# What is required
Exact copy, no pictures: return only the lines below from the line with "Lending a contemporary" up to and including the line with "Расписание доступно оффлайн, определяет".

Data entries:
"""

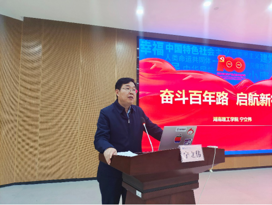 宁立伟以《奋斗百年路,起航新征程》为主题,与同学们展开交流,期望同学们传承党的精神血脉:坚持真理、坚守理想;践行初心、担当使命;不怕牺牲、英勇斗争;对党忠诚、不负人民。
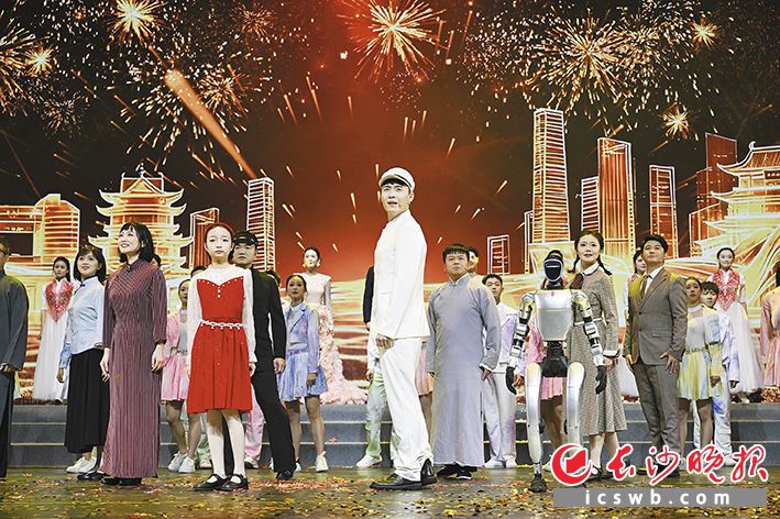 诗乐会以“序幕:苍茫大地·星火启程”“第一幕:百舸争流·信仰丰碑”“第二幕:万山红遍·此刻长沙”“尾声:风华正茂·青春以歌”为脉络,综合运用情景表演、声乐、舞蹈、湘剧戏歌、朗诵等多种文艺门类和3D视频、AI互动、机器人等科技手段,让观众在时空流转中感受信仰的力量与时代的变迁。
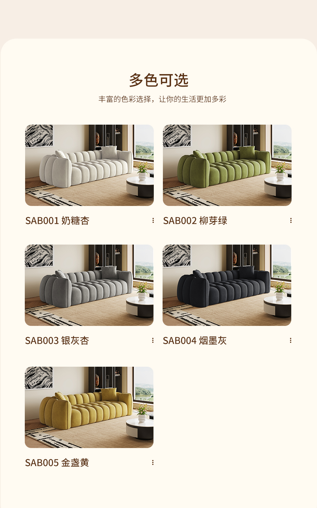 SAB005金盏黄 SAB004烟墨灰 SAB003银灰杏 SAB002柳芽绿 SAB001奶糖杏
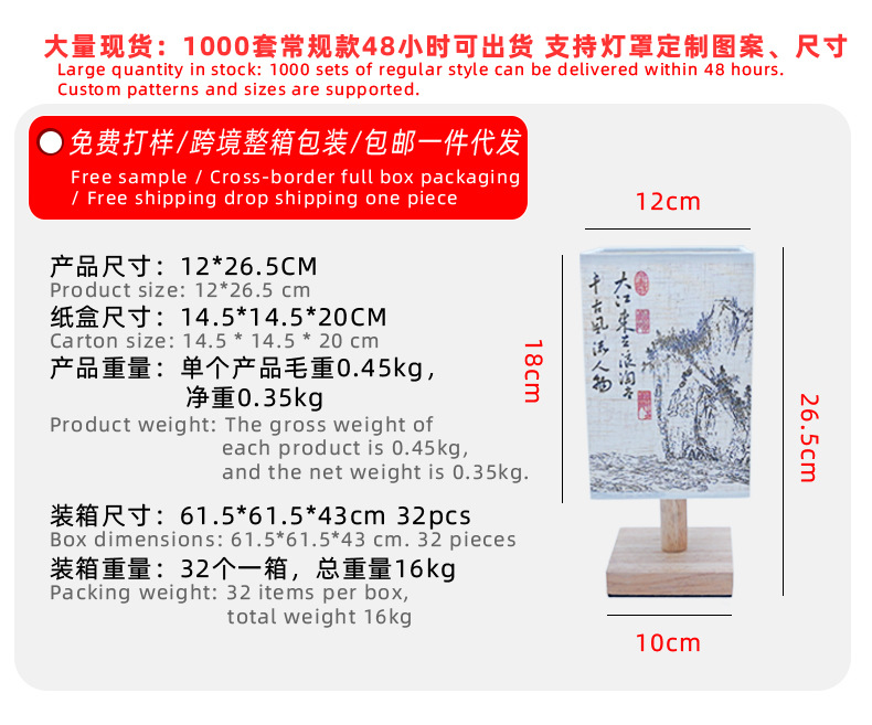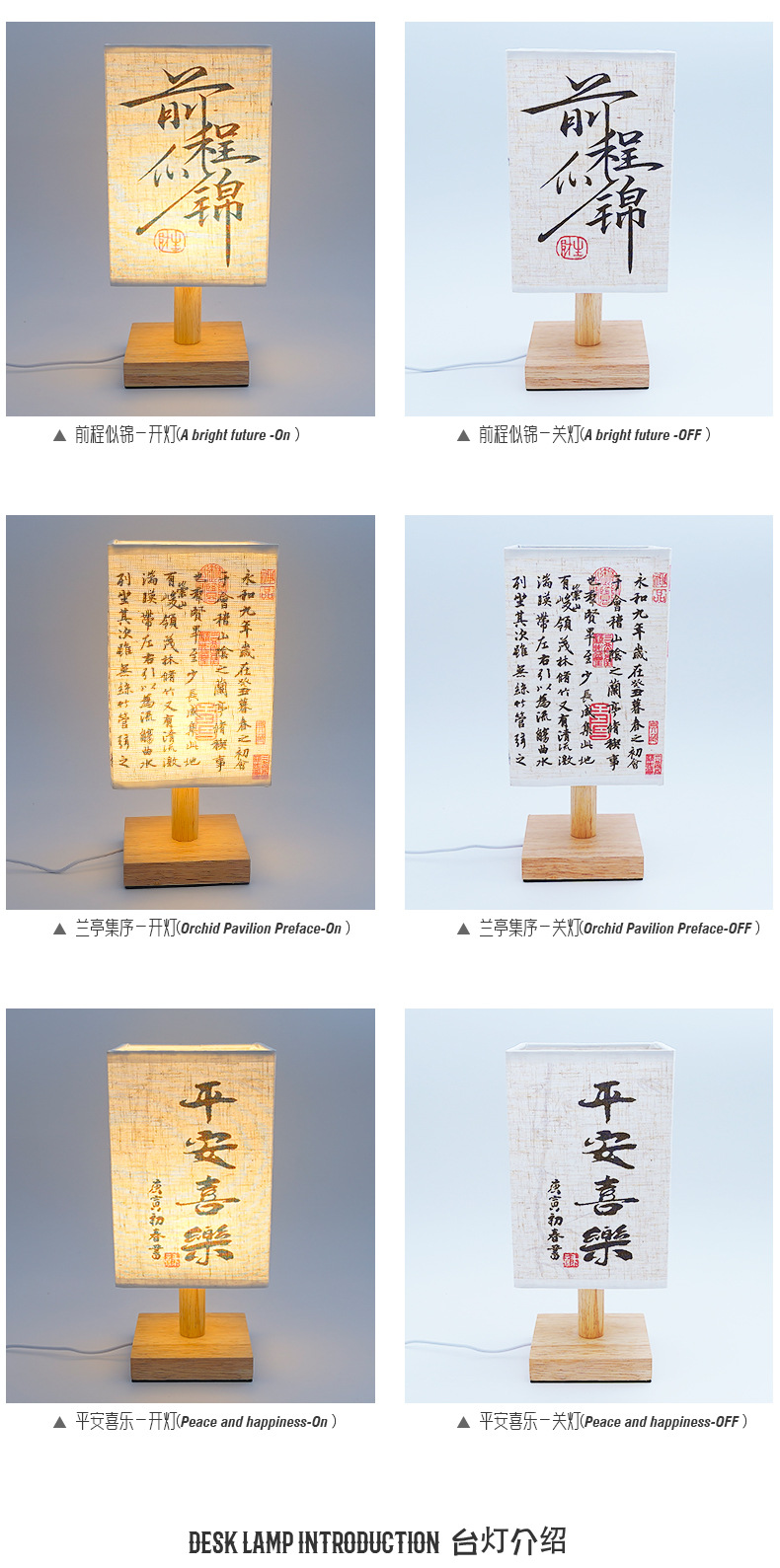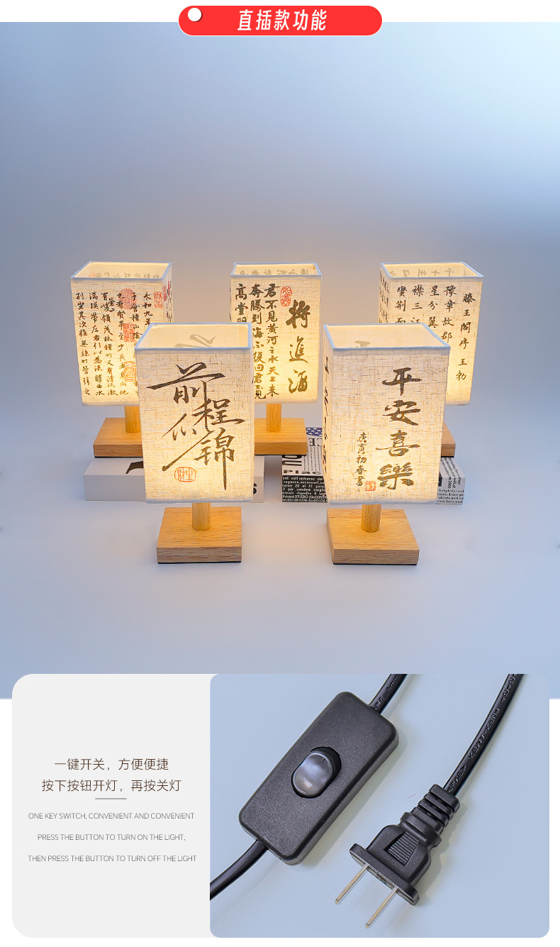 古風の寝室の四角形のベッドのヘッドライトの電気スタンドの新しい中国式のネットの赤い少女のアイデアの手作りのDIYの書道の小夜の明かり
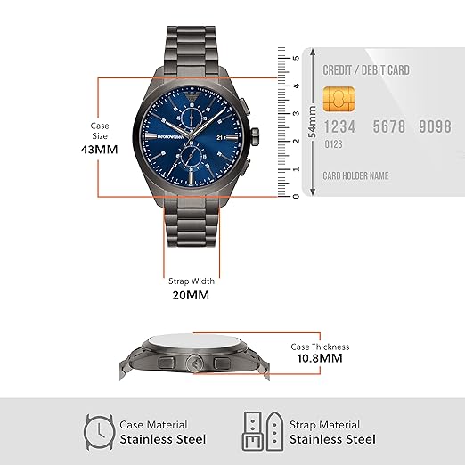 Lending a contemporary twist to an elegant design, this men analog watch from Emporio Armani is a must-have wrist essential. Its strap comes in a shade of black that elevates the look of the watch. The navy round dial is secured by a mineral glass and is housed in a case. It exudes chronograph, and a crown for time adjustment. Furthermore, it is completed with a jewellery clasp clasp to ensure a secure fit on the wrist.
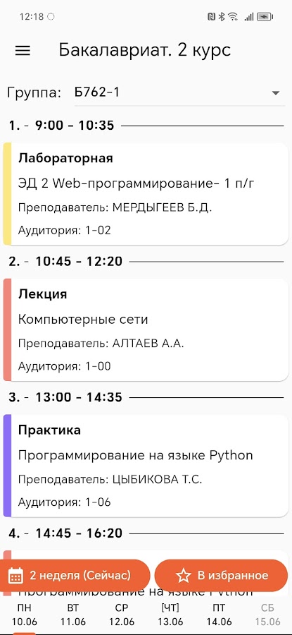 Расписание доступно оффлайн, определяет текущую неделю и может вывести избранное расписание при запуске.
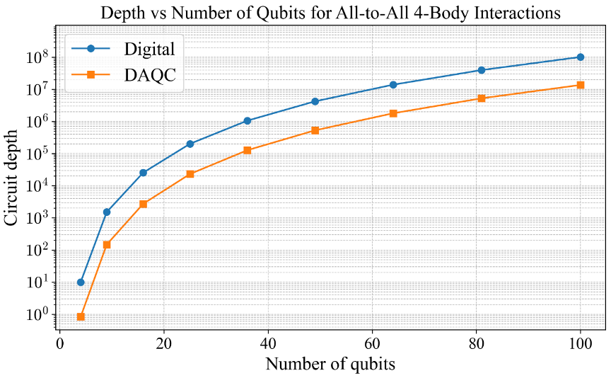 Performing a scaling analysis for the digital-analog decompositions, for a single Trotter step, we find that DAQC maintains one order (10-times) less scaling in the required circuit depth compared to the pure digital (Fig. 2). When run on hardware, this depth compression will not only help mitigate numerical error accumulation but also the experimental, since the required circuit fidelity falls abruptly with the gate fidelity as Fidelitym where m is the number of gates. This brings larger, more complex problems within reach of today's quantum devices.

"""

# Solution for this exercise
 Lending a contemporary twist to an elegant design, this men analog watch from Emporio Armani is a must-have wrist essential. Its strap comes in a shade of black that elevates the look of the watch. The navy round dial is secured by a mineral glass and is housed in a case. It exudes chronograph, and a crown for time adjustment. Furthermore, it is completed with a jewellery clasp clasp to ensure a secure fit on the wrist.
 Расписание доступно оффлайн, определяет текущую неделю и может вывести избранное расписание при запуске.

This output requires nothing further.